I haven't played either in like a year but I used to do the same thing you did pretty much. I'd play WoW for a little while (unless my friends happened to be grouped up playing league when I got on), but then when I got bored I would switch. I do this a lot. Always have a second or even third game to fall back on when the game you're into gets boring. Great fall backs for me are usually match based games, like league, battlefield, nba2k, etc.

Thinking about getting into WoW again tho when legion comes out. I miss PvP. But yea as far as smoking while playing it's definitely a better idea to smoke when playing wow over league. Too many split second decisions to make on league, which wouldn't be so bad if the snowball effect wasn't insane on that game. 

Holy shit I'm stoned I feel like I've just been rambling. 

Fuck it


----------



## sunni (Aug 24, 2016)

i prefer heroes of the storm over LoL


----------



## Aidos88 (Aug 24, 2016)

If you ever start up wow again let me know, ill start up too, i main disc heals, wbu?

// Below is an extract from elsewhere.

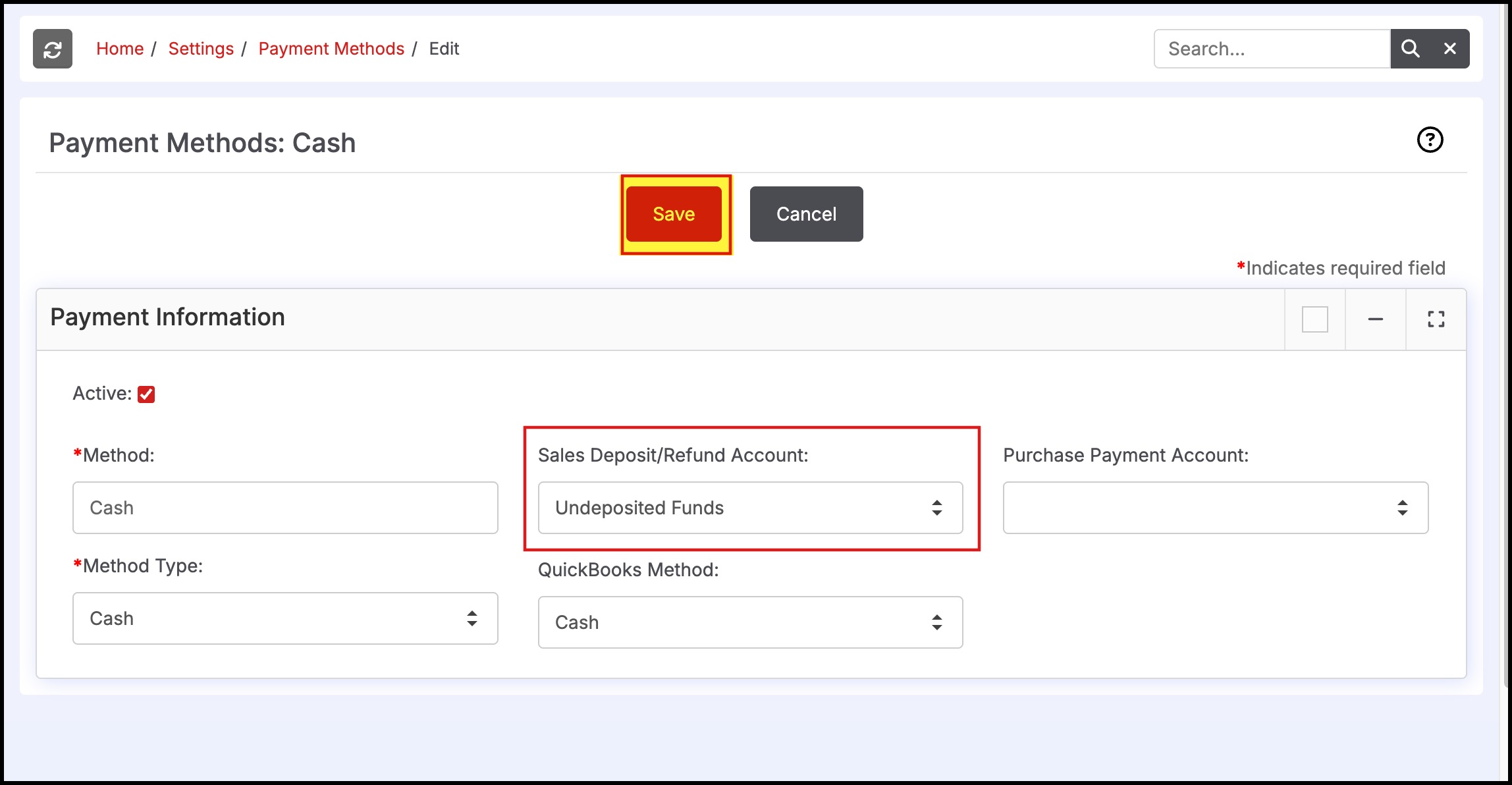 - QuickBooks Method: The corresponding QuickBooks Payment method to map for transactions exported to QuickBooks.

OMG i just watched heros of the storm on youtube, looks way better then League, 

is it f2p or p2p ?


----------



## sunni (Aug 24, 2016)

im on wow right meow. 

heroes rocks. it is free to play, the only transactions that are money do not help you win anything they are simply skins and mounts


----------



## Aidos88 (Aug 24, 2016)

Alliance or horde? Im just watching some ufc while bubs awake & then ill jump on, horde ftw


----------



## sunni (Sep 3, 2016)

horde of course


----------



## SaitouMichiko (Sep 18, 2016)

Smite. Lol


----------



## MauieWoowie (Oct 5, 2016)

I just love to get high and play League of Legends. Feeling a bit dumb when i do, considering my age and all but it's just what makes my mind clear and i discovered that game at my workplace lol

Well, honestly i am thankful for that game because it's hard to ease your mind sometimes.


----------